I'm designing an over/under-voltage protection circuit that needs to have really fast shutoff (ideally in the low 10s of ns). The downstream circuit is connected/disconnected with a bidirectional mosfet switch whose gate is driven by an optocoupler (probably the VO1263). The optocoupler is needed to isolate the gate from the comparator circuitry. Otherwise the gate-source and gate-drain ratings would be greatly exceeded (input can go to +/-100V). I've attached an image showing this part of the circuit.

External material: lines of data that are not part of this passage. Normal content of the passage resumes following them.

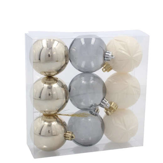Deze stijlvolle set bevat 9 zorgvuldig vervaardigde ornamenten die drie moderne tinten en diverse afwerkingen combineren voor een gebalanceerde feestelijke decoratie. Dankzij het duurzame plastic zijn de ballen licht, veilig en eenvoudig op te hangen aan elk type kerstboom.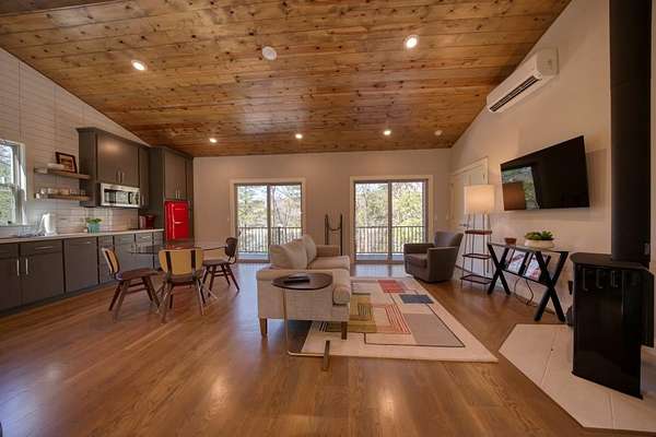 From Eureka Springs: Take 62 west to left onto 187 at RiverLake gas station. 187 to left onto Mundell Road. Left onto the Panorama Loop / Panorama Shores Drive. Stay right at the Y. House is on your right. Address of boat house is 395 Shore Lane. Directions to boat house: Follow Panorama Shores Drive past the main house and take a right onto Shore Lane. Follow down hill and continue to the house on your right.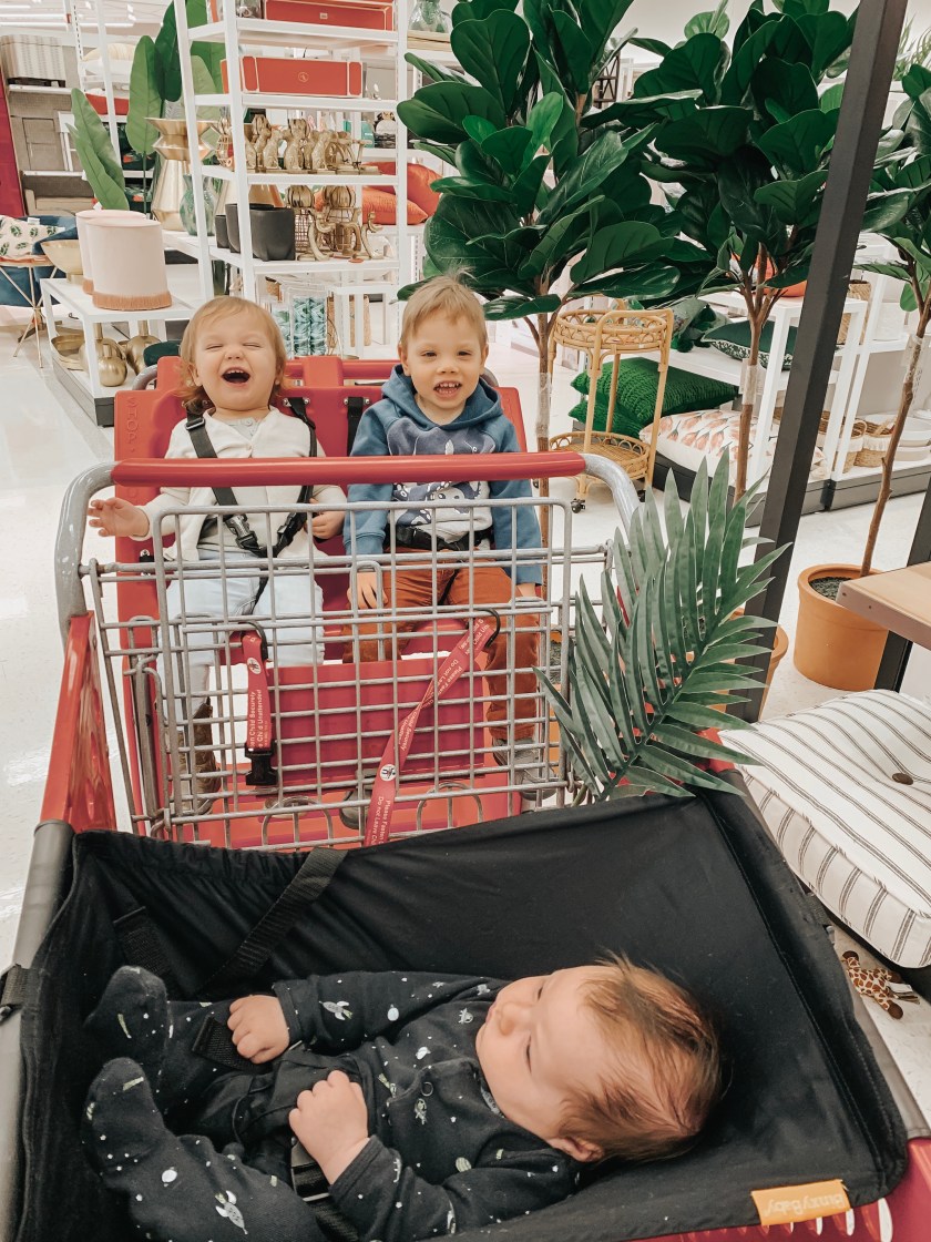 I also come prepared with snacks for the kids and a list because honestly going to the store has to be in and out – no browsing is happening with three babies!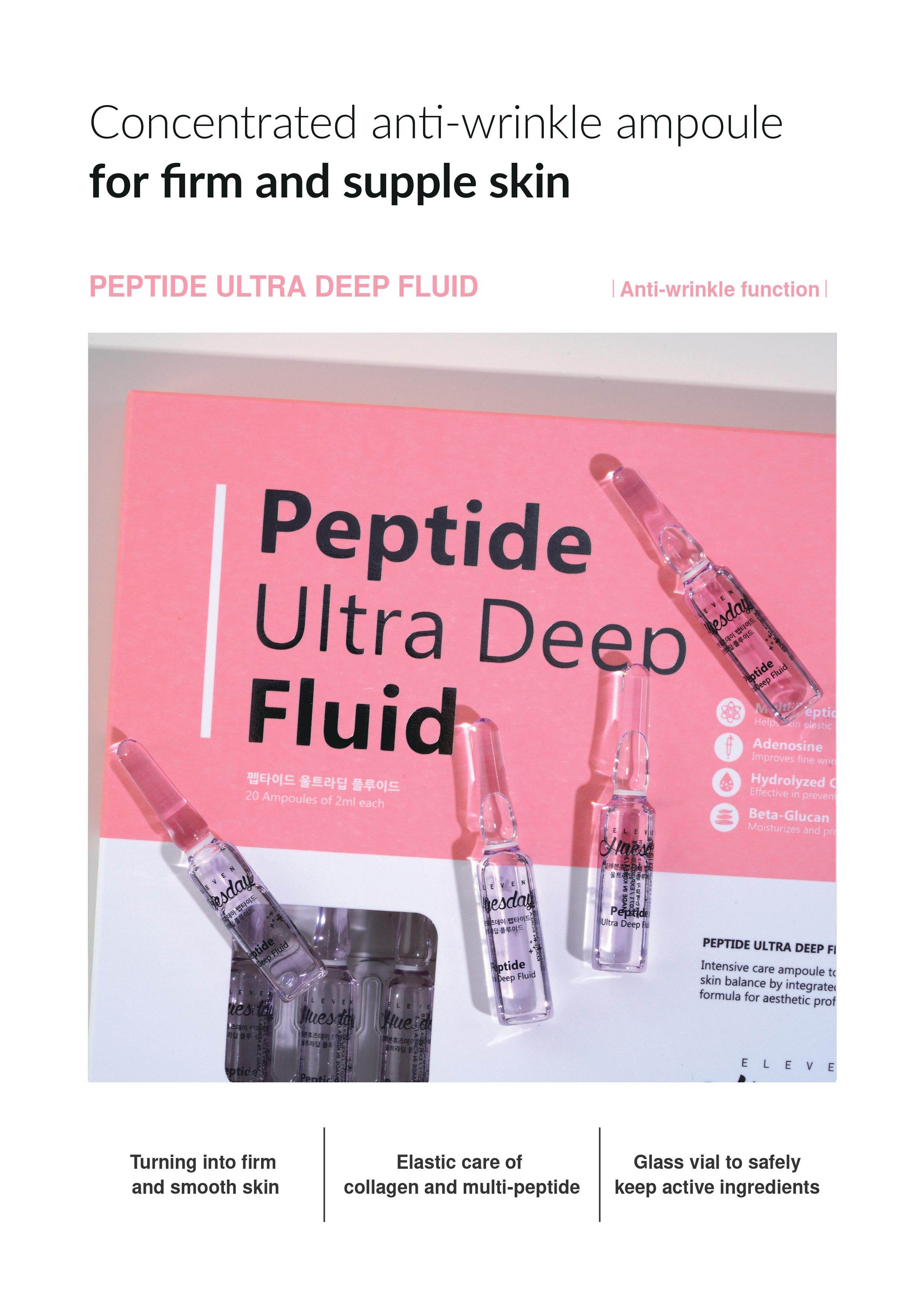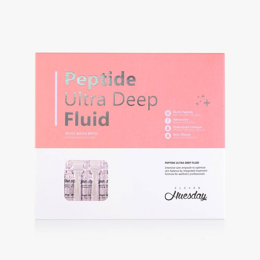 11uesday - Peptid Ultra Tiefenfluid 2ml x 20 bietet eine intensive Hautpflegelösung, die darauf ausgelegt ist, die Haut zu verjüngen und tief zu hydratisieren, perfekt für diejenigen, die fortschrittliche Anti-Aging-Vorteile suchen. Durch die Verwendung kraftvoller Peptide verbessert dieses Fluid die Hautelastizität, reduziert feine Linien und fördert einen glatteren, jugendlicheren Teint. Ideal zur Einbindung in Ihre Hautpflegeroutine, sorgt die konzentrierte Formel für tiefes Eindringen und langanhaltende Wirkung.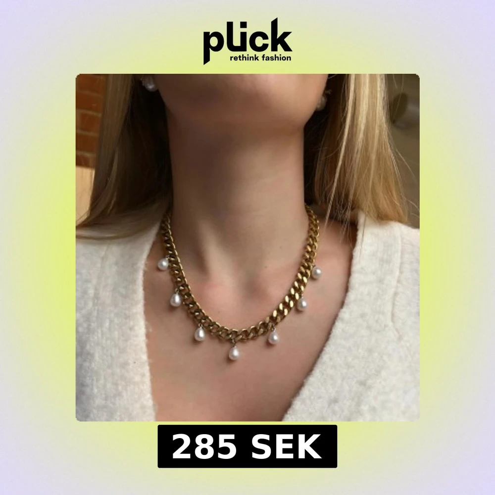 Matchande örhängen finns i en separat annons Finns även i silverfärg Material: 18K guldplätering på rostfritt stål Bredd: 9 mm Längd: 38-43cm Nickelfria och handgjorda.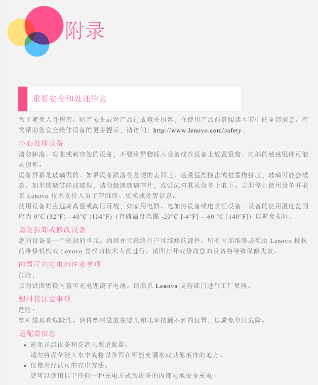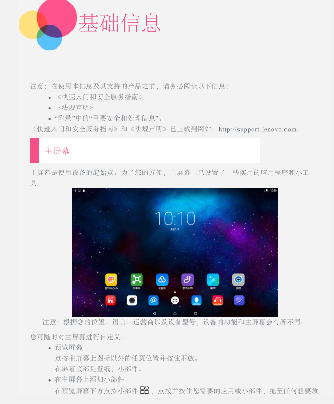 本节内容东坡小编为大家整理带来的是联想平板电脑说明书之Lenovo TAB 2 A10-70用户指南,该说明书详细介绍了联想平板电脑tab 2 a10-70的操作方法以及使用注意事项等,比如对主屏幕以及屏幕按钮、通知面板和快捷开关的功能介绍、比如对拍摄照片和视频的方法的介绍等,如果你想对联想的这款平板电脑有更多的了解,那么不妨来看看这份pdf格式高清彩版Lenovo TAB 2 A10-70用户指南吧!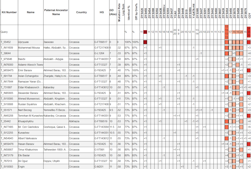Шугушев из с. Заюково попал в самую распространенную у адыгов линию G2a2 >> G-L1264.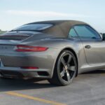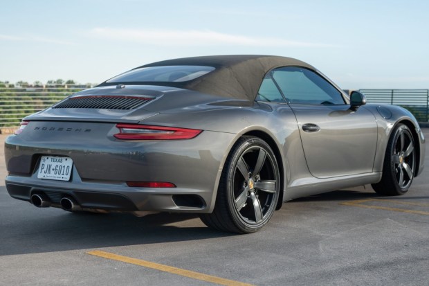 This 2018 Porsche 911 Carrera cabriolet was specified in Agate Gray Metallic over a Black and Bordeaux Red leather interior, and it is powered by a twin-turbocharged 3.0L flat-six paired with a seven-speed PDK automatic transaxle. The car was ordered with the Premium Package Plus and the Sport Chrono Package, which together offered the Light Design Package, Porsche Dynamic Light System Plus (PDLS+), Porsche Entry & Drive, a stopwatch, and heated and ventilated front seats. The front seats are also 14-way power-adjustable sport units, and further details include a sport exhaust system, a black soft top, ParkAssist parking sensors, matte black-finished 20″ Carrera Sport alloy wheels, and a Bose …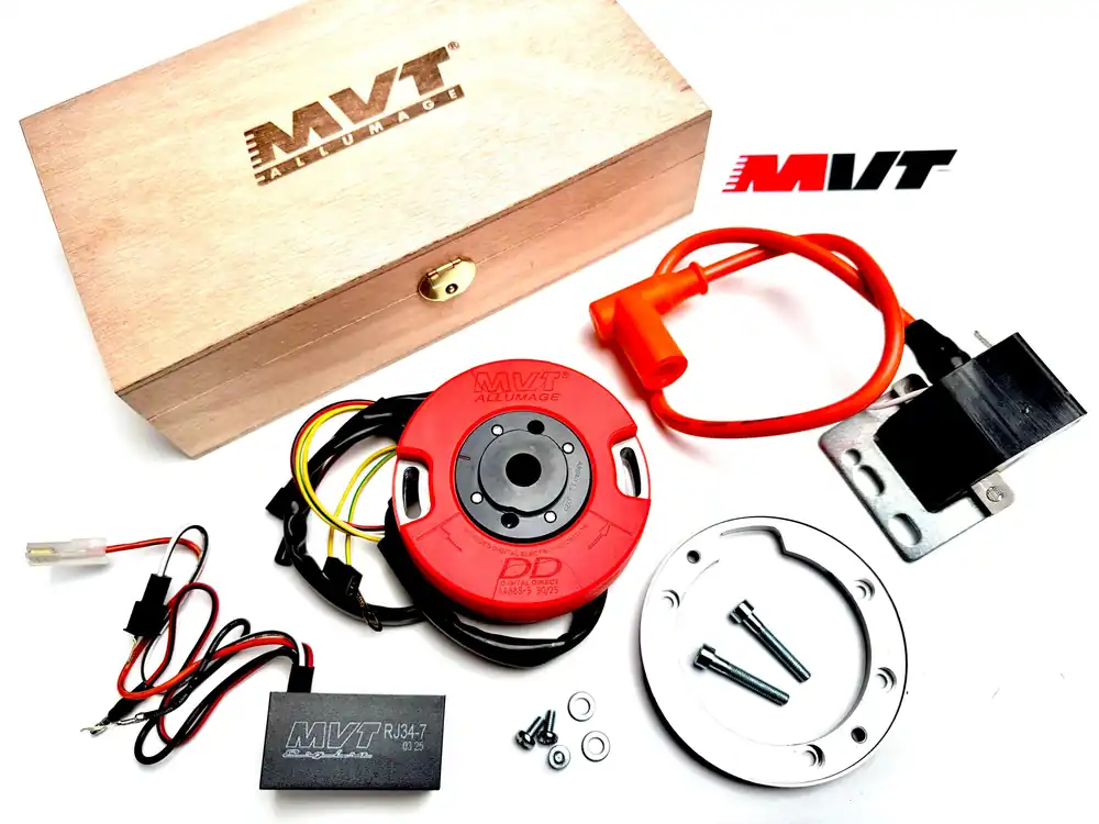 Im Gegensatz zu anderen Anbietern von Innenrotorzündanlagen, welche meist nur für den Rennsport konzipiert sind, hat der spanische Hersteller MVT eine Licht-/Ladespule integriert. Das bedeutet, diese Zündanlage kann die originale Zündung vollständig ersetzen und die ganze Bordelektronik mit Strom versorgen.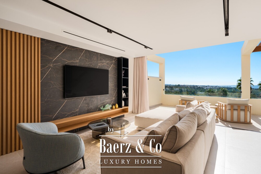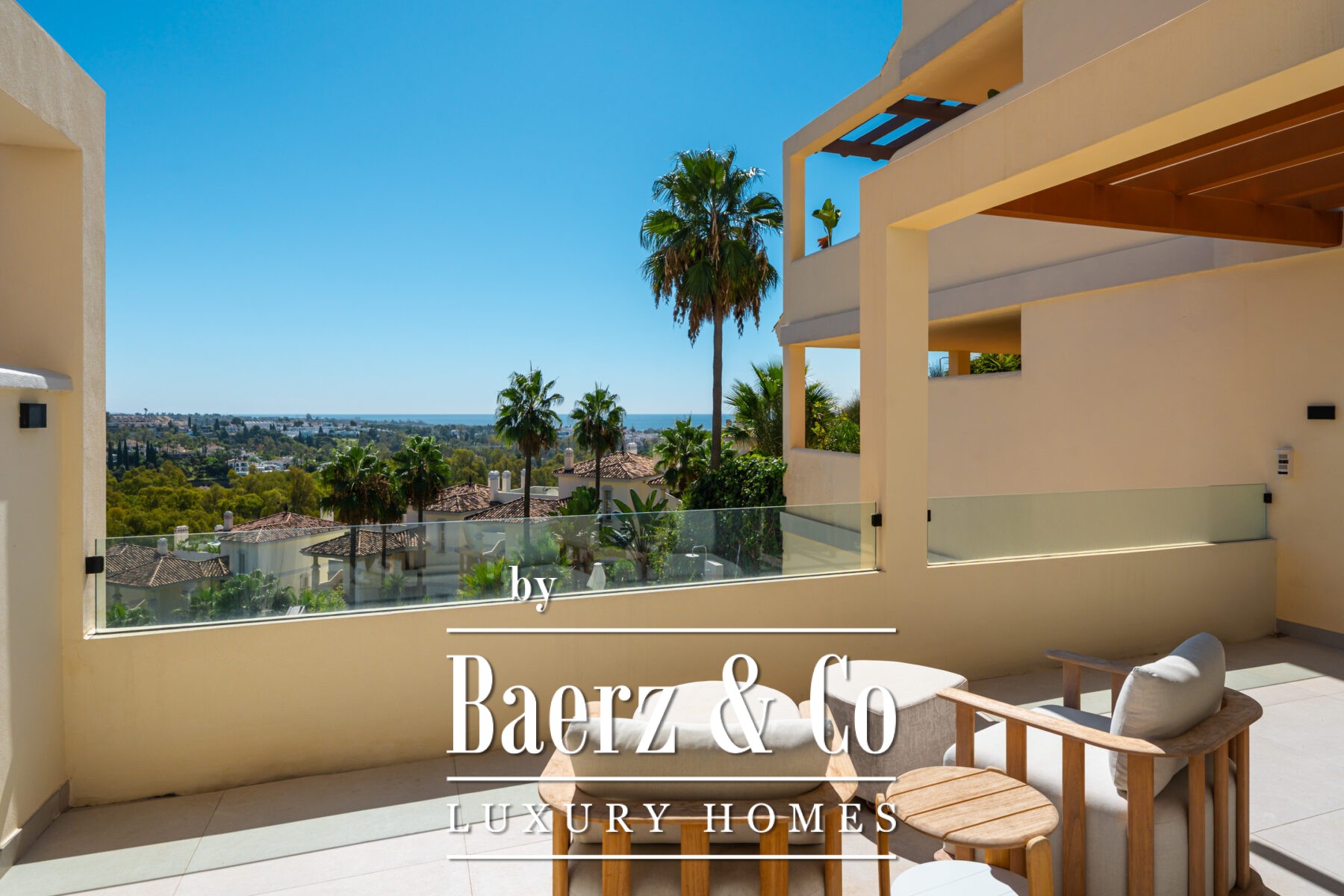 Apartment Nueva Andalucía forms the focus keyword for this modern residence, fully renovated in 2024 to offer 170 m² of calm and refined living space within an exclusive gated community. This three-bedroom apartment presents a light-filled sanctuary with 146 m² of elegant interiors and a 24 m² private terrace commanding panoramic views over La Concha mountain, the Mediterranean Sea, and a tranquil lake, making each moment at home visually compelling.
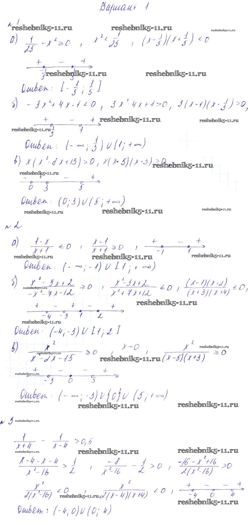 КР №1. Неравенства. Варианты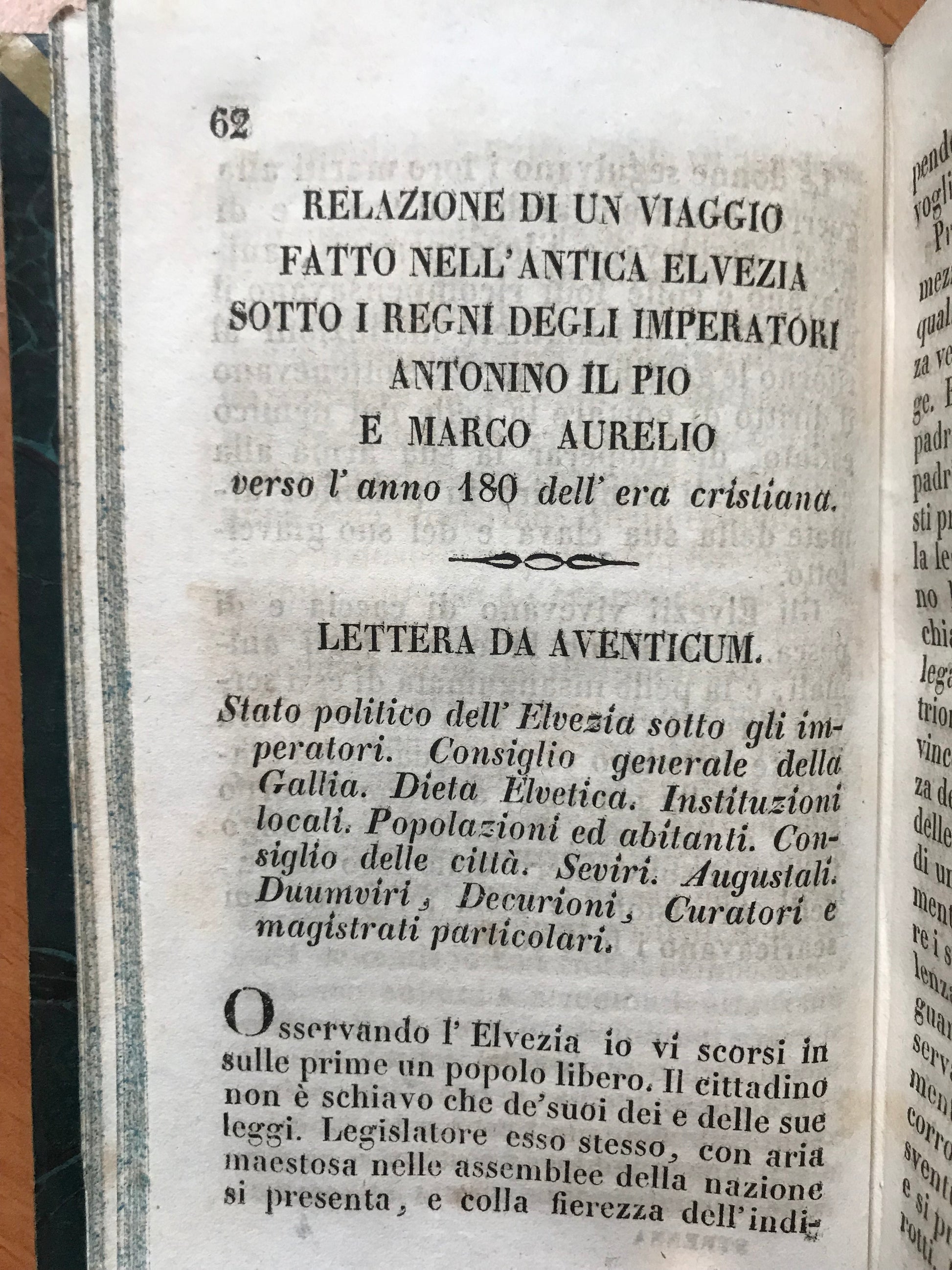 - Relazione di un viaggio fatto nell' antica Elvezia sotto i regni degli imperatori Antonio il Piio e Marco Aurelio verso l'anno 180 dell' era cristiana

My question is: how can I make this shutoff as fast as possible? The turn-on time isn't critical (within reason, anything in the ms range, or even up to a second is fine). Here's what I've come up with so far. I'm using a P-channel JFET to switch in and discharge the charge stored on the MOSFET gates (the capacitance is significant, as these MOSFETs are designed for high VDS and low Rds(on)). This is discussed in the VO1263 and VOM1271 datasheets. Additionally, I'm planning to add a bleed resistor (unlabeled resistor in the schematic) to hasten the turn on time of Q4. And, I can use JFET with a low on-state channel resistance, or parallel several. There's a tradeoff here, since I don't want the JFET gate capacitance too high. I'll use the smallest possible bleed resistor such that the optocoupler can still bring the MOSFET gate voltage high enough (optocoupler short-circuit current is in the 10s of uA). To be able to make this bleed resistor smaller, I'm planning to parallel a number of these optocouplers (I think 10, but that's TBD). Another thing I'll do is to make the JFET gate threshold voltage as high as possible so it kicks in as quickly as possible when the gate starts to discharge.
Are there any other options? Have I overlooked anything in my various optimizations discussed above?